Your answer should hold only the lines from the start of the data below through the line with "Embroidered Maxi with", copied exactly, with pictures left out.

Given data.
┌────────
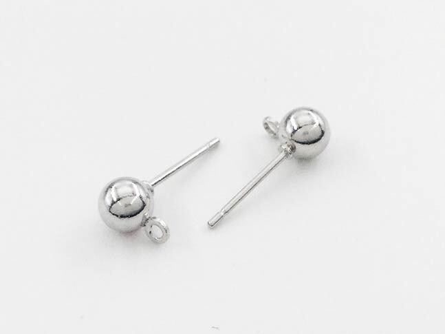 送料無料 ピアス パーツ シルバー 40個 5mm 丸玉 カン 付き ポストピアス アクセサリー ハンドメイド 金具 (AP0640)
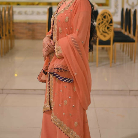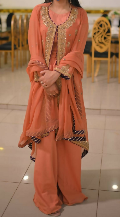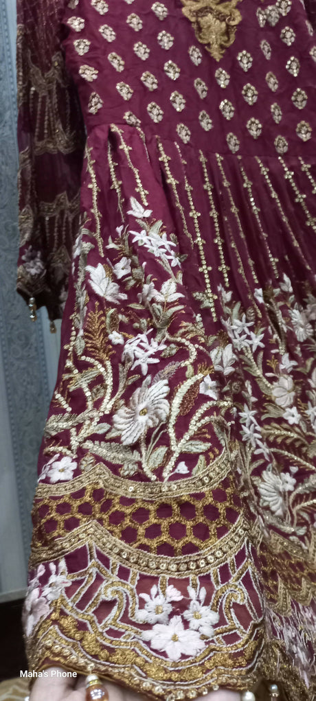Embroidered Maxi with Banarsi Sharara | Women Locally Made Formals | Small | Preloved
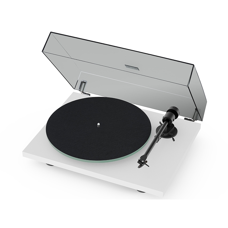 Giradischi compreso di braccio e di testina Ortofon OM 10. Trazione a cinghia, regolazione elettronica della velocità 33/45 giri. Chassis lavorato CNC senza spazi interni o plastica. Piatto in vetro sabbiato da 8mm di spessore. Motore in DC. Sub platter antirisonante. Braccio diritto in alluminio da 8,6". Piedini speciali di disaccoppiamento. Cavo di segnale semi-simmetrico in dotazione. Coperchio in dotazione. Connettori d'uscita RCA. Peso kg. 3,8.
└────────
Output.
 送料無料 ピアス パーツ シルバー 40個 5mm 丸玉 カン 付き ポストピアス アクセサリー ハンドメイド 金具 (AP0640)
Embroidered Maxi with Banarsi Sharara | Women Locally Made Formals | Small | Preloved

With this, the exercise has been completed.